Among the entries below, only the lines from the one with "troop, friendship, bond" through the one with "SOHO,全稱small office home" are wanted, reproduced exactly. Pictures are not wanted.

═════ Records shown ═════

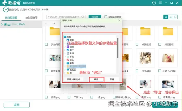 步骤3: 点击完“导出”后,选择自己恢复文件的存储位置,完成整个数据恢复的流程。
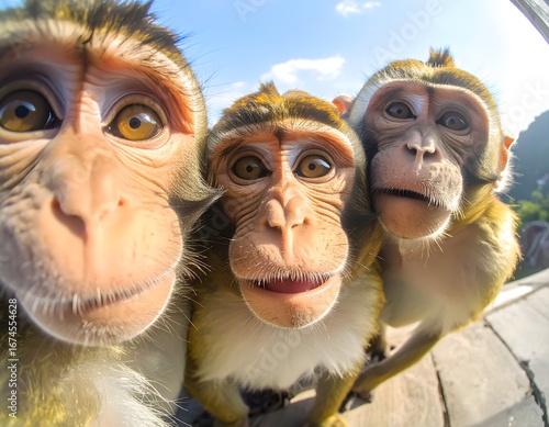 realistic, cinematic, photorealistic, fisheye, selfie, monkey, three, primate, animal, mammal, detailed, portrait, closeup, dynamic, dramatic, expression, eye, fur, coat, texture, fisheye, distortion, panoramic, outdoors, nature, wildlife, safari, jungle, natural light, sunlight, shadow, wild, group, troop, friendship, bond
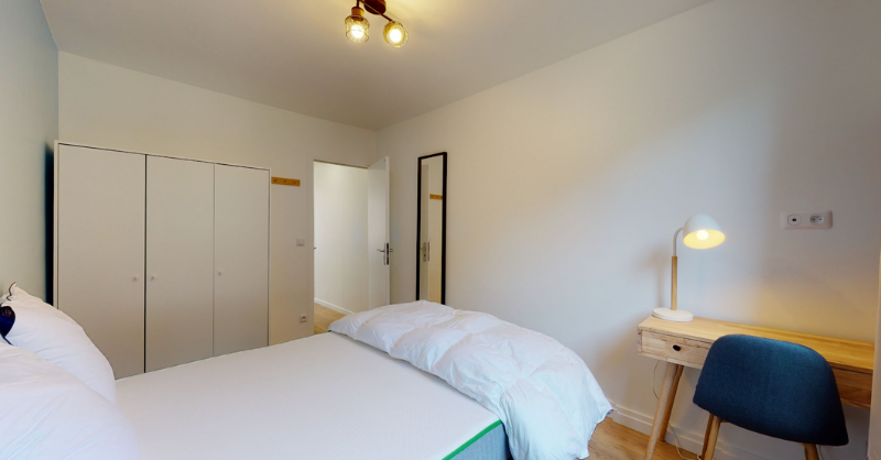 La chambre 6, conçue pour une personne, est un petit cocon de 12 m² avec un lit double confortable, une armoire pour vos affaires, et un bureau pour travailler ou étudier. La salle de bain est partagée et comprend tout ce qu'il faut : douche, lavabo et toilettes.
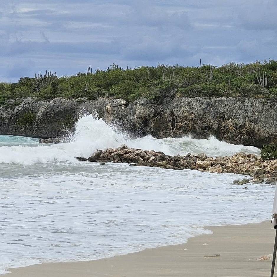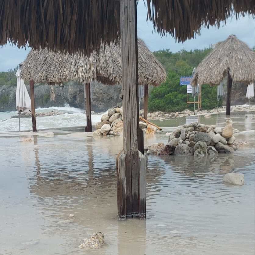 Terug gereden naar Cas Abou, daar mochten we niet eens de parkeerplaats op. Langs de hele westkust was een verordening dat het te gevaarlijk was om de zee in de gaan. Stranden werden daarom gesloten. Daaibooi was wel te bereiken en ook daar was het chaos op het strand. Vandaag wordt er geruimd om morgen weer open te gaan.
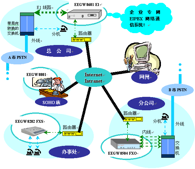SOHO,全稱small office home office。這是現(xiàn)代生活中的產(chǎn)物,一種情況是規(guī)模較大的公司在全球各地設(shè)置辦事機構(gòu),方便本地的業(yè)務(wù)聯(lián)系和處理日常事宜;另一種情況是個人利用自己的業(yè)務(wù)知識和關(guān)系,開設(shè)一個家庭辦公室,聯(lián)系代理全球各地同行業(yè)產(chǎn)品;還有一種情況是異地分居的親友和朋友間的聯(lián)系。這三種情況的業(yè)務(wù)聯(lián)系廣泛,并且通信量大,所以非常適合采用EIPBX網(wǎng)絡(luò)通信系統(tǒng)節(jié)約電話費用。
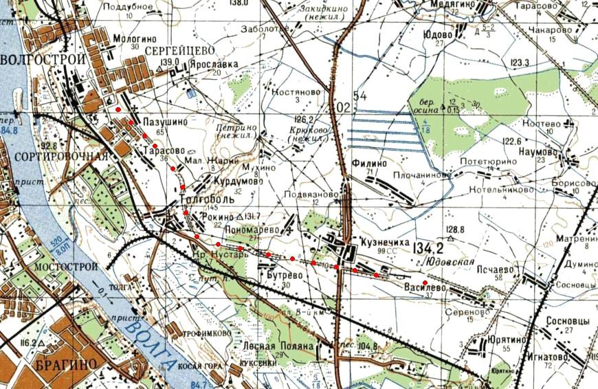 масштаба 1:100 000, изданной в 1975 году. Факт существования узкоколейной железной дороги по направлению Филино — Кузнечиха — Толгоболь — Пазушино — Волгострой представляется спорным. Возможно, узкоколейная железная дорога была построена в начале 1930-х годов, когда на реке Волге немногим выше Ярославля предполагалось строительство плотины крупной гидроэлектростанции. В 1935 году место строительство ГЭС было перенесено из Ярославля в Рыбинск. О неосуществлённом проекте строительства ГЭС у Ярославля напоминает название посёлка Волгострой.
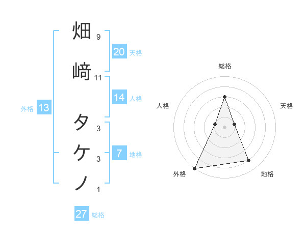 畑﨑 タケノさんを姓名の画数から五運を鑑定
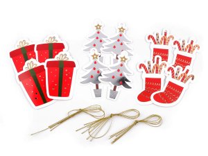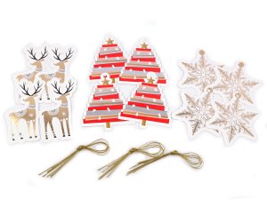 Papírové jmenovky s vánočními motivy se hodí na ozdobení zabalených dárků, dárkových tašek, lahví vína apod.
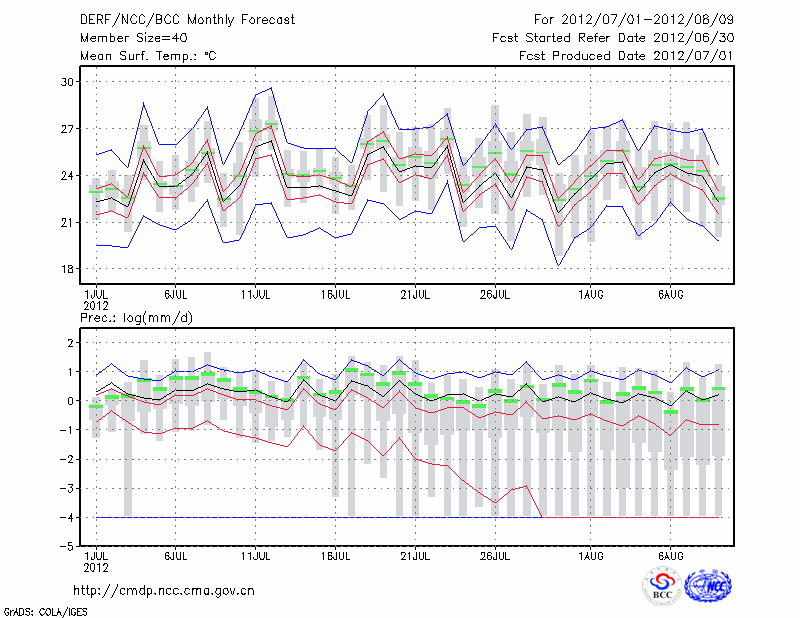 乌兰浩特 (LAT:46.08 LON:122.05) 2012-07-01        预测
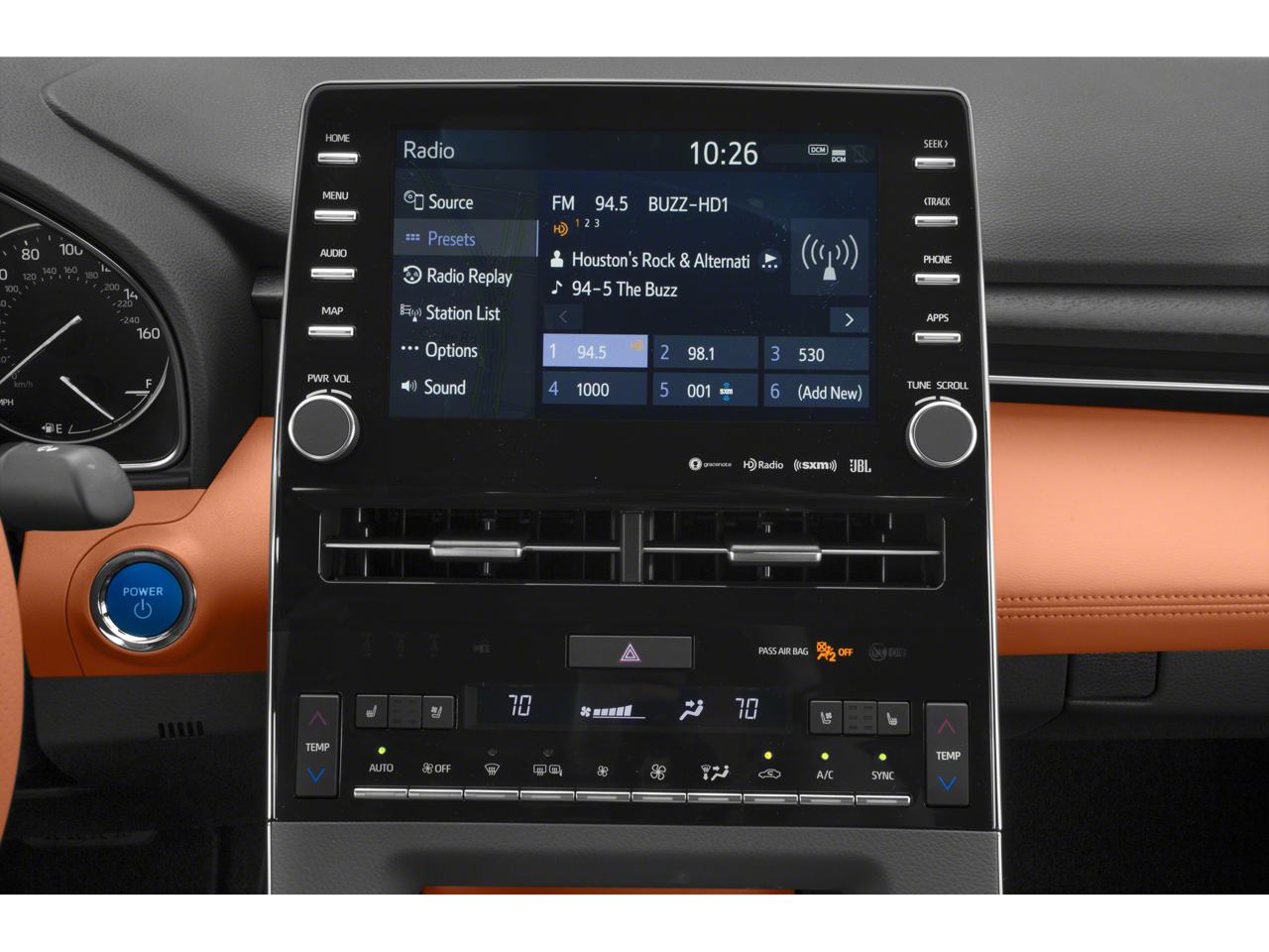 - Radio: Premium Audio w/JBL & Clari-Fi -inc: 14 speakers, subwoofer, 1200-watt amplifier, 9" touch screen, Amazon Alexa in-car app, Apple CarPlay, auxiliary audio jack, a USB 2.0 port w/iPod connectivity and control, dynamic navigation w/dynamic POI search and 3-year trial, dynamic voice recognition w/3-year trial, Bluetooth® hands-free phone capability and music streaming, Entune app suite, Siri Eyes Free, HD Radio, SiriusXM Satellite Radio w/3-month all-access trial, Entune 3.0 Toyota Connected Services, Safety Connect w/3-year trial, Service Connect w/3-year trial, Remote Connect w/6-month trial, Wi-Fi Connect up to 2GB w/6-month trial, Destination Assist Connect w/6-month trial
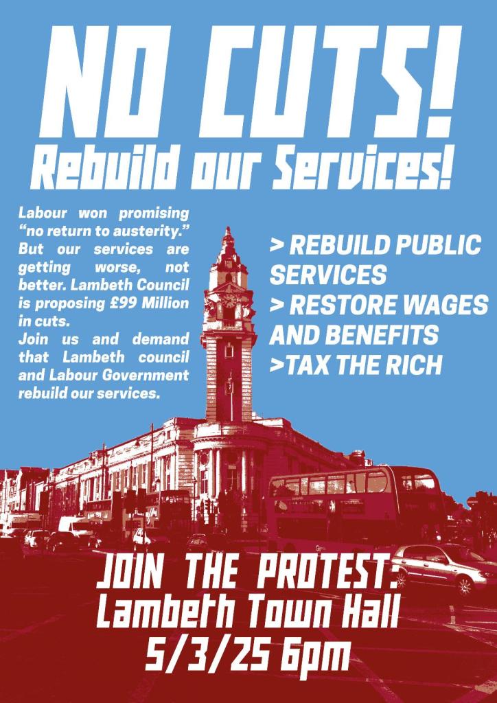 If you live or work in Lambeth and want to fight for a better borough with fully funded and expanded services then please get in touch LambethSolidarity@gmx.com
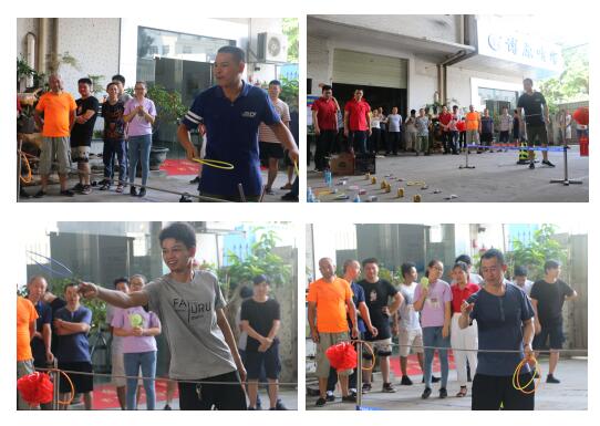 第三個環(huán)節(jié)是拔河比賽,由隊長抽簽選好隊員,男同事十個,女同事三個,隊員選好之后,就是大王隊和猛虎隊的PK對決了,場面也是很熱鬧,隊長找好拉拉隊長,安排好每個人的位置,做好調整姿勢,并且鼓勵大家有著必勝的信心,體現(xiàn)了大家團結一致,分工明確的干勁,三局兩勝,猛虎隊最終二比一勝了,每個隊員都有獎品,大家的積極性和友誼第一,比賽第二的精神,都在這場比賽表現(xiàn)出來了,能在這樣的一個大家庭生活和工作,真好。
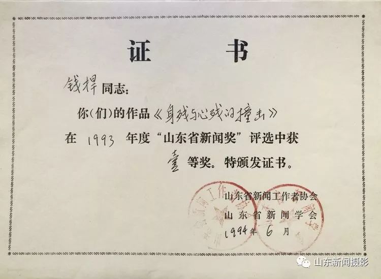《身殘與心殘的撞擊》獲1993年山東新聞獎(jiǎng)一等獎(jiǎng)
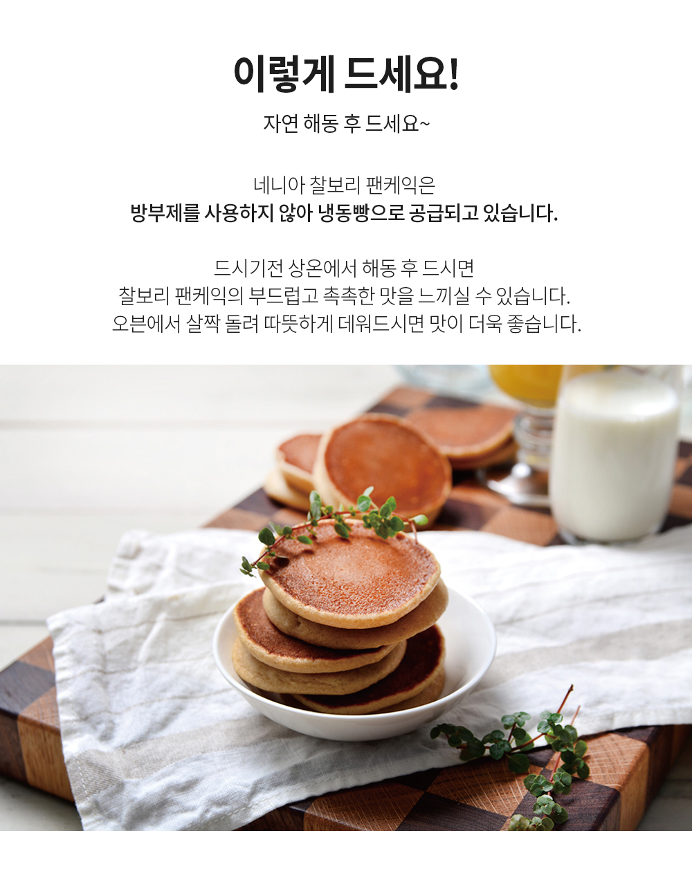 자연해동해서 촉촉하게 먹거나 시간적 여유가 있는 분은 에어 프라이기에 돌려 겉바속촉으로 즐길 수 있다. 또 요즘은 얼먹(얼린 상태에서 먹는)이 트렌드 아니던가. 여름철엔 아이스크림처럼 시원하게 얼먹으로 먹는 것도 추천한다. 추가로 네니아 바닐라 아이스크림 한 스쿱을 올리면 금상첨화!
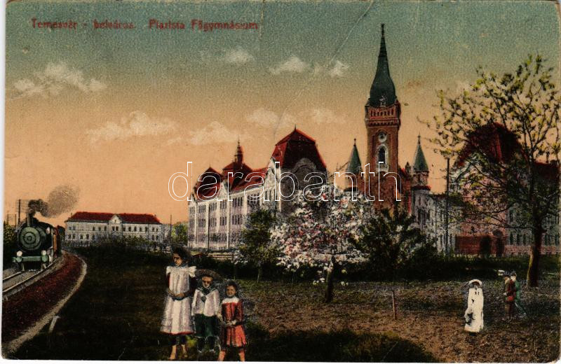 Temesvár, Timisoara; Belváros, Piarista főgimnázium, gőzmozdony, vonat... https://www.darabanth.com/de/473-Fernauktion/473.0/Ansichtskarten/Siebenburgen~2000007/Temesvar-Timisoara-Belvaros-Piarista-fogimnazium-gozmozdony-vonat-grammar-school-locomo~II3204373
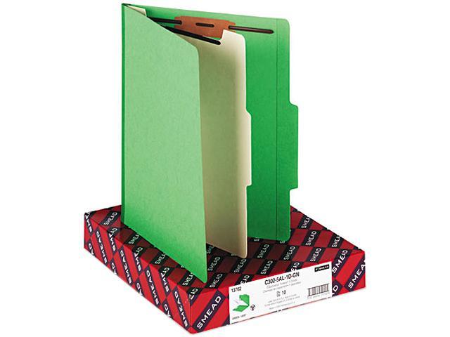 Smead 13702 Top Tab Classification Folder, One Divider, Four-Section, Green, 10/Box
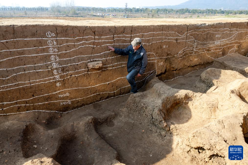 2023年12月4日拍摄的湖北荆门屈家岭遗址F38发现的磉墩。
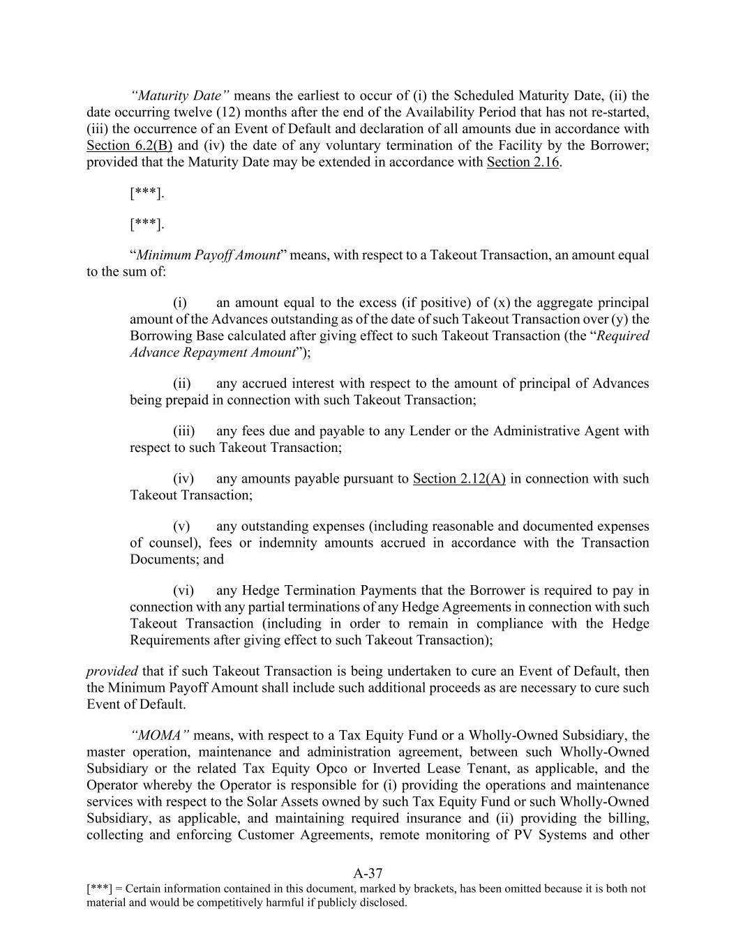 A-37 [***] = Certain information contained in this document, marked by brackets, has been omitted because it is both not material and would be competitively harmful if publicly disclosed. “Maturity Date” means the earliest to occur of (i) the Scheduled Maturity Date, (ii) the date occurring twelve (12) months after the end of the Availability Period that has not re-started, (iii) the occurrence of an Event of Default and declaration of all amounts due in accordance with Section 6.2(B) and (iv) the date of any voluntary termination of the Facility by the Borrower; provided that the Maturity Date may be extended in accordance with Section 2.16. [***]. [***]. “Minimum Payoff Amount” means, with respect to a Takeout Transaction, an amount equal to the sum of: (i) an amount equal to the excess (if positive) of (x) the aggregate principal amount of the Advances outstanding as of the date of such Takeout Transaction over (y) the Borrowing Base calculated after giving effect to such Takeout Transaction (the “Required Advance Repayment Amount”); (ii) any accrued interest with respect to the amount of principal of Advances being prepaid in connection with such Takeout Transaction; (iii) any fees due and payable to any Lender or the Administrative Agent with respect to such Takeout Transaction; (iv) any amounts payable pursuant to Section 2.12(A) in connection with such Takeout Transaction; (v) any outstanding expenses (including reasonable and documented expenses of counsel), fees or indemnity amounts accrued in accordance with the Transaction Documents; and (vi) any Hedge Termination Payments that the Borrower is required to pay in connection with any partial terminations of any Hedge Agreements in connection with such Takeout Transaction (including in order to remain in compliance with the Hedge Requirements after giving effect to such Takeout Transaction); provided that if such Takeout Transaction is being undertaken to cure an Event of Default, then the Minimum Payoff Amount shall include such additional proceeds as are necessary to cure such Event of Default. “MOMA” means, with respect to a Tax Equity Fund or a Wholly-Owned Subsidiary, the master operation, maintenance and administration agreement, between such Wholly-Owned Subsidiary or the related Tax Equity Opco or Inverted Lease Tenant, as applicable, and the Operator whereby the Operator is responsible for (i) providing the operations and maintenance services with respect to the Solar Assets owned by such Tax Equity Fund or such Wholly-Owned Subsidiary, as applicable, and maintaining required insurance and (ii) providing the billing, collecting and enforcing Customer Agreements, remote monitoring of PV Systems and other

═════

▸ Final answer:
 realistic, cinematic, photorealistic, fisheye, selfie, monkey, three, primate, animal, mammal, detailed, portrait, closeup, dynamic, dramatic, expression, eye, fur, coat, texture, fisheye, distortion, panoramic, outdoors, nature, wildlife, safari, jungle, natural light, sunlight, shadow, wild, group, troop, friendship, bond
 La chambre 6, conçue pour une personne, est un petit cocon de 12 m² avec un lit double confortable, une armoire pour vos affaires, et un bureau pour travailler ou étudier. La salle de bain est partagée et comprend tout ce qu'il faut : douche, lavabo et toilettes.
 Terug gereden naar Cas Abou, daar mochten we niet eens de parkeerplaats op. Langs de hele westkust was een verordening dat het te gevaarlijk was om de zee in de gaan. Stranden werden daarom gesloten. Daaibooi was wel te bereiken en ook daar was het chaos op het strand. Vandaag wordt er geruimd om morgen weer open te gaan.
SOHO,全稱small office home office。這是現(xiàn)代生活中的產(chǎn)物,一種情況是規(guī)模較大的公司在全球各地設(shè)置辦事機構(gòu),方便本地的業(yè)務(wù)聯(lián)系和處理日常事宜;另一種情況是個人利用自己的業(yè)務(wù)知識和關(guān)系,開設(shè)一個家庭辦公室,聯(lián)系代理全球各地同行業(yè)產(chǎn)品;還有一種情況是異地分居的親友和朋友間的聯(lián)系。這三種情況的業(yè)務(wù)聯(lián)系廣泛,并且通信量大,所以非常適合采用EIPBX網(wǎng)絡(luò)通信系統(tǒng)節(jié)約電話費用。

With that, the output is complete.